Elzweig notched early exposure to the recruiting business. His dad founded a New York City employment agency in 1947 that placed factory workers. In the ’60s, Elzweig spent teenage summers asking companies for job orders for welders, shipping clerks and sewing machine operators.

However, the Brooklyn-born, Bayside, Queens-bred Elzweig thought he’d become a psychotherapist when he entered Hunter College School of Social Work after picking up a BA in psychology from Drew University in 1973.

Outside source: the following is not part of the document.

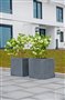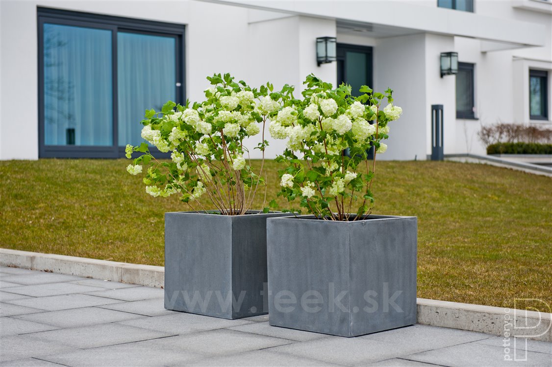 Čtvercové venkovní květináče Block jsou dostupné ve výškách 40, 50, 60 a 70 cm. Jsou vyrobené z kompozitního materiálu Fiberstone v různých povrchových úpravách a barvách.
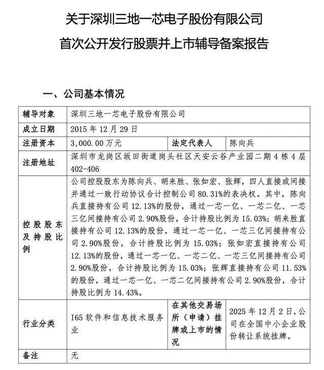 12月12日,中国证监会披露了深圳三地一芯电子股份有限公司(简称"三地一芯")首次公开发行股票并上市辅导备案报告,公 司上市辅导机构为国泰海通证券,正式迈向资本市场。 USB系列作为公司主力产品,包括USB2.0与USB3.2两大类别。USB2.0系列芯片如FC2279,具备高性能ECC纠错与低功耗设计, 在数据安全、稳定性和兼容性方面表现突出,已在细分领域建立起领先优势,创下多项行业第一。而USB3.2系列芯片支持5Gb/s 高速传输,具有耐用、兼容性强、成本可控等特点,已成为多家品牌客户高速存储方案的选择。 股权结构显示,公司控股股东为陈向兵、胡来胜、张如宏、张辉四人,其通过直接、间接持股及一致行动协议,合计控制公司 80.31%的表决权。其中,陈向兵、胡来胜、张如宏各自直接及间接持股比例均为15.03%,张辉合计持股比例为14.43%。 随着集成电路国产化进程加速,存储主控芯片作为信息产业关键环节,市场前景广阔。三地一芯此次启动上市辅导,有望借助 资本市场进一步强化研发投入、拓展产品矩阵,提升在存储芯片领域的综合竞争力。 三地一芯成立于2015年,是一家以研发、销售与服务为一体的集成电路设计企业,先后获 ...

“But I learned very quickly,” he recalls, “that even though I loved reading books about personality theory, I really didn’t want to be anybody’s therapist.”

Instead, he earned a master’s degree in social work. As director of a Brooklyn senior citizens’ center, he served up a full program of activities and lunch to 150 folks daily.

After three years, he concluded: “The good I was doing wasn’t really worth the financial sacrifice.” That’s when he gravitated to the family’s line of work.

But Elzweig wasn’t about to join his father’s agency; rather, he embarked on what would become an extended job search (“No head hunters wanted to hire a social worker!”). Ultimately, one executive search firm gambled. Later at another shop, he began, by chance, placing stockbrokers.

“Once I knew how to do it, it was a relatively easy business to start,” he says. So in 1985, from a little desk in the back of Dad’s office, he opened his own company specializing in broker placements.

Twelve years ago, he teamed with Julian Weinberg to conduct retainer searches for asset management firms seeking executives in product development, marketing and other areas.

The tenacious Elzweig, married to journalist Nancy Miller — also his company’s client services director — says the social work background comes in pretty handy with advisors who want a change after sticking many years with one firm.

Recently, for instance, he helped an FA who’d been at a wirehouse a couple of decades.

“I had to coach him so that he asked all the right questions to make a good decision. And I reviewed the [interviewing] procedure with him to make sure he was as comfortable as possible. He’d never done this before so,” says the psych grad. “He was a little anxious.”

Freelance writer Jane Wollman Rusoff is a Los Angeles-based contributing editor of Research and is the founder of Family Star Productions.